** Source data follows **

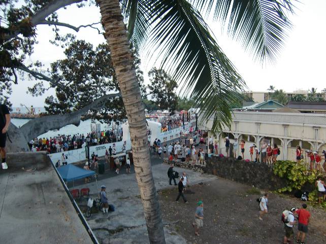 店の屋根の上から。人垣の頭越しに、スイム会場の海が見えます。 スイムスタートまで居させてもらった。 スタートしてしばらくしてから。 「警察を呼ぶぞ、逮捕されるぞ」。 と注意を受ける。 みな雲の子を散らすように退散。
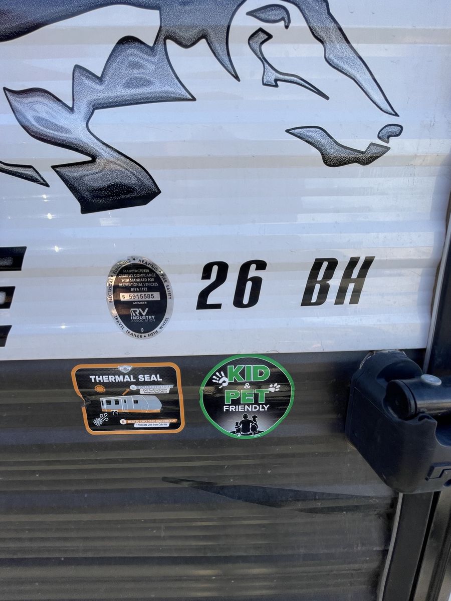 We are looking to sell our trailer as we recently got a side by side and now need a toy hauler. It’s has been an amazing camp trailer for our family. The kids love the bunk beds and it is basically brand new inside and out. Very light trailer only weighs 4,800 pounds, 26 feet of living space and an overall length of 29 feet. This trailer tows very well. Everything works as it should AC, furnace, and all appliances. No leaks in any of the plumbing, walls or roof. It has a very large, power retracting awning with LED lights and Bluetooth speakers. Awning has no rips or tears. Power jack, large pass through storage on the front. Full walk around queen size bed. Tires are in great shape, batteries are in good shape. Feel free to reach out with any questions.
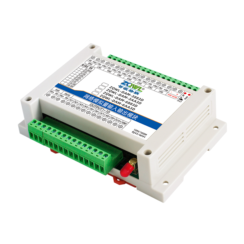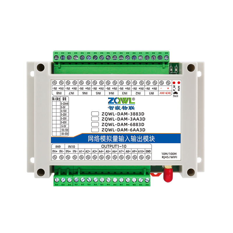 ZQWL-DAM-3883D 双极性模拟量输入输出系列是智嵌物联推出的高精度模拟量输入和输出模块,输入量程可选:-5~5V;-10~10V;-30~30V,采集精度 0.1%。输出量程可选:-5~5V;-10~10V,输出精度 0.1%。模块带有 1 路网口或 WIFI,可以通过该接口上传数据。设备内部集成了 TCP/IP 协议栈,支持标准的 Modbus TCP/RTU、MQTT 和JSON 等协议;支持TCP SERVER、TCP CLIENT、UDP SERVER、UDP CLIENT 等工作模式,提供2 种数据输出格式:16 位无符号整型值输出和 32 位标准 IEEE-754 浮点数输出,使用灵活方便。
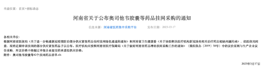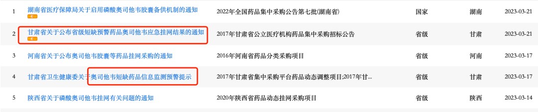 3月21日,甘肅省發(fā)布《關(guān)于公布省級短缺預(yù)警藥品奧司他韋應(yīng)急掛網(wǎng)結(jié)果的通知》;同一天,湖南省醫(yī)保局發(fā)布《關(guān)于啟用磷酸奧司他韋膠囊備供機(jī)制的通知》;前幾日,河南、甘肅也陸續(xù)發(fā)布相關(guān)文件。
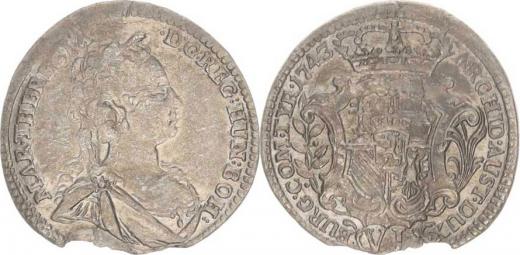 Marie Terezie (1740-1780), VI kr. 1743 b.zn., Praha-Scharff "RRR" jako MKČ 1965, tečka
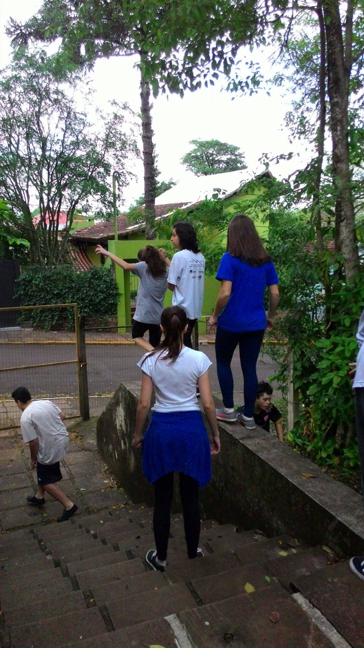 Segundo a professora Eduarda Virginia Burckardt, responsável pela atividade a turma C91 ficou encarregada de organizar e planejar um percurso, observando os diferentes ambientes disponíveis no entorno da Escola e que muitas vezes é esquecido. Já os alunos da turma C81 ficaram encarregados de conduzir o alongamento inicial e no final da prática.
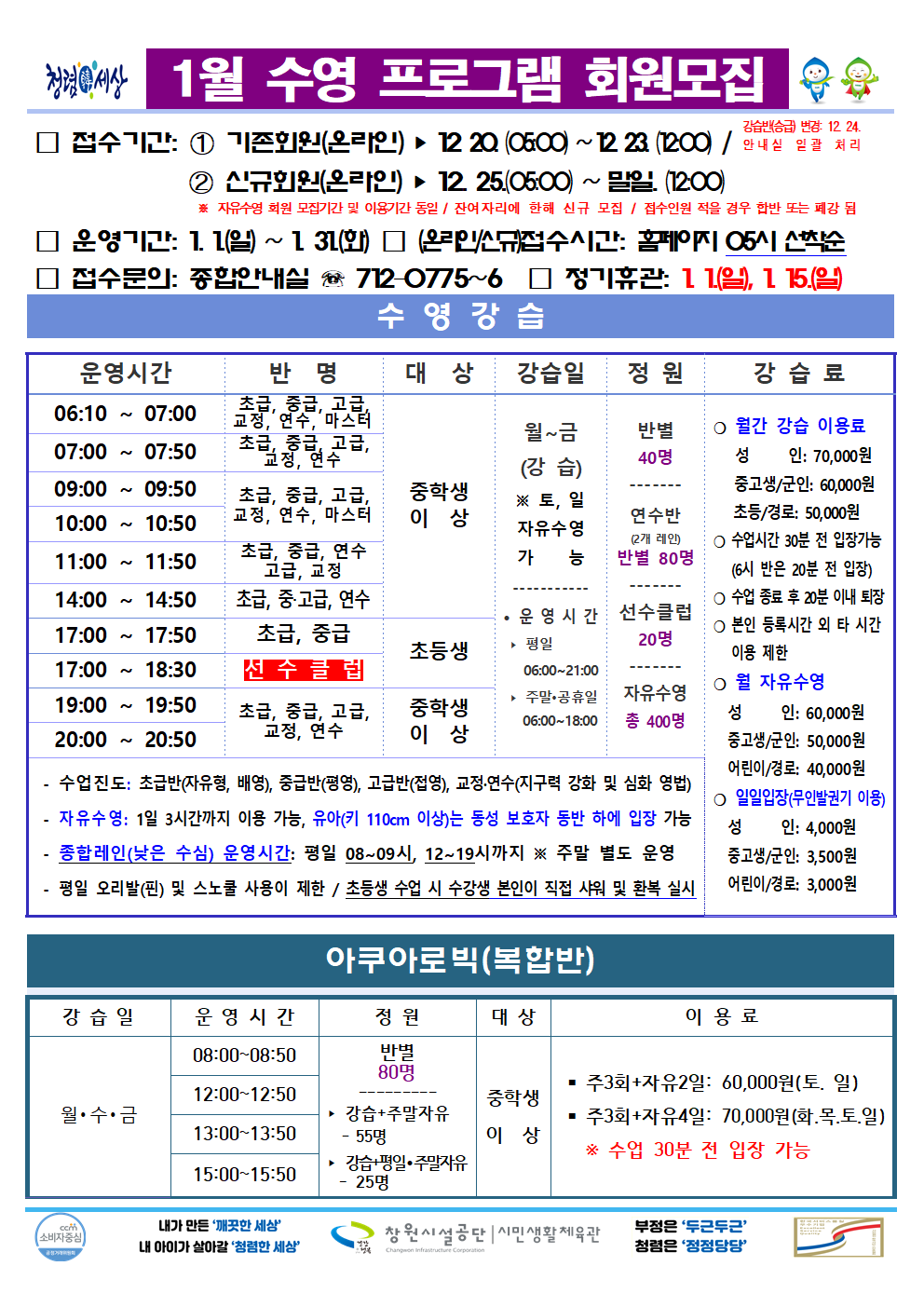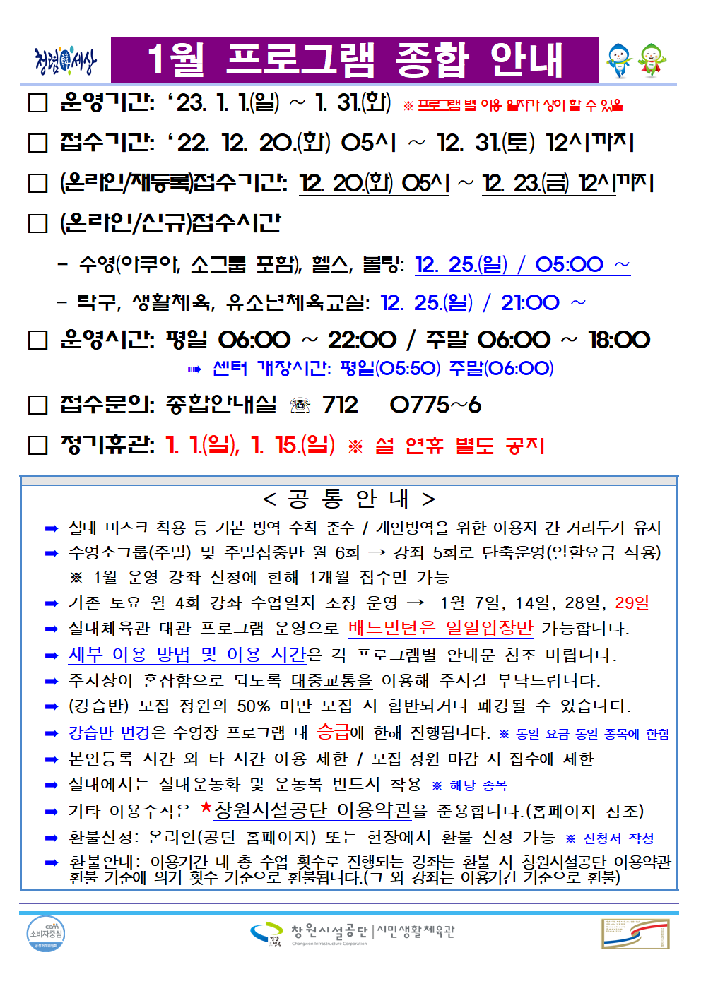 [시민생활체육관] 2022년 겨울방학 특별프로그램 회원모집(수정게시)
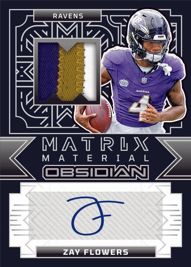 – Panini Americaโs popular Obsidian Football franchise returns for the 2024 NFL season, boasting its trademark blend of dark Optichrome aesthetics and futuristic inserts.

** End of Source data **

▶ **Task prompt**:
What you return should match the entries word for word, pictures aside.

▶ **Exercise result**:
 店の屋根の上から。人垣の頭越しに、スイム会場の海が見えます。 スイムスタートまで居させてもらった。 スタートしてしばらくしてから。 「警察を呼ぶぞ、逮捕されるぞ」。 と注意を受ける。 みな雲の子を散らすように退散。
 We are looking to sell our trailer as we recently got a side by side and now need a toy hauler. It’s has been an amazing camp trailer for our family. The kids love the bunk beds and it is basically brand new inside and out. Very light trailer only weighs 4,800 pounds, 26 feet of living space and an overall length of 29 feet. This trailer tows very well. Everything works as it should AC, furnace, and all appliances. No leaks in any of the plumbing, walls or roof. It has a very large, power retracting awning with LED lights and Bluetooth speakers. Awning has no rips or tears. Power jack, large pass through storage on the front. Full walk around queen size bed. Tires are in great shape, batteries are in good shape. Feel free to reach out with any questions.
 ZQWL-DAM-3883D 双极性模拟量输入输出系列是智嵌物联推出的高精度模拟量输入和输出模块,输入量程可选:-5~5V;-10~10V;-30~30V,采集精度 0.1%。输出量程可选:-5~5V;-10~10V,输出精度 0.1%。模块带有 1 路网口或 WIFI,可以通过该接口上传数据。设备内部集成了 TCP/IP 协议栈,支持标准的 Modbus TCP/RTU、MQTT 和JSON 等协议;支持TCP SERVER、TCP CLIENT、UDP SERVER、UDP CLIENT 等工作模式,提供2 种数据输出格式:16 位无符号整型值输出和 32 位标准 IEEE-754 浮点数输出,使用灵活方便。
 3月21日,甘肅省發(fā)布《關(guān)于公布省級短缺預(yù)警藥品奧司他韋應(yīng)急掛網(wǎng)結(jié)果的通知》;同一天,湖南省醫(yī)保局發(fā)布《關(guān)于啟用磷酸奧司他韋膠囊備供機(jī)制的通知》;前幾日,河南、甘肅也陸續(xù)發(fā)布相關(guān)文件。
 Marie Terezie (1740-1780), VI kr. 1743 b.zn., Praha-Scharff "RRR" jako MKČ 1965, tečka
 Segundo a professora Eduarda Virginia Burckardt, responsável pela atividade a turma C91 ficou encarregada de organizar e planejar um percurso, observando os diferentes ambientes disponíveis no entorno da Escola e que muitas vezes é esquecido. Já os alunos da turma C81 ficaram encarregados de conduzir o alongamento inicial e no final da prática.
 [시민생활체육관] 2022년 겨울방학 특별프로그램 회원모집(수정게시)
 – Panini Americaโs popular Obsidian Football franchise returns for the 2024 NFL season, boasting its trademark blend of dark Optichrome aesthetics and futuristic inserts.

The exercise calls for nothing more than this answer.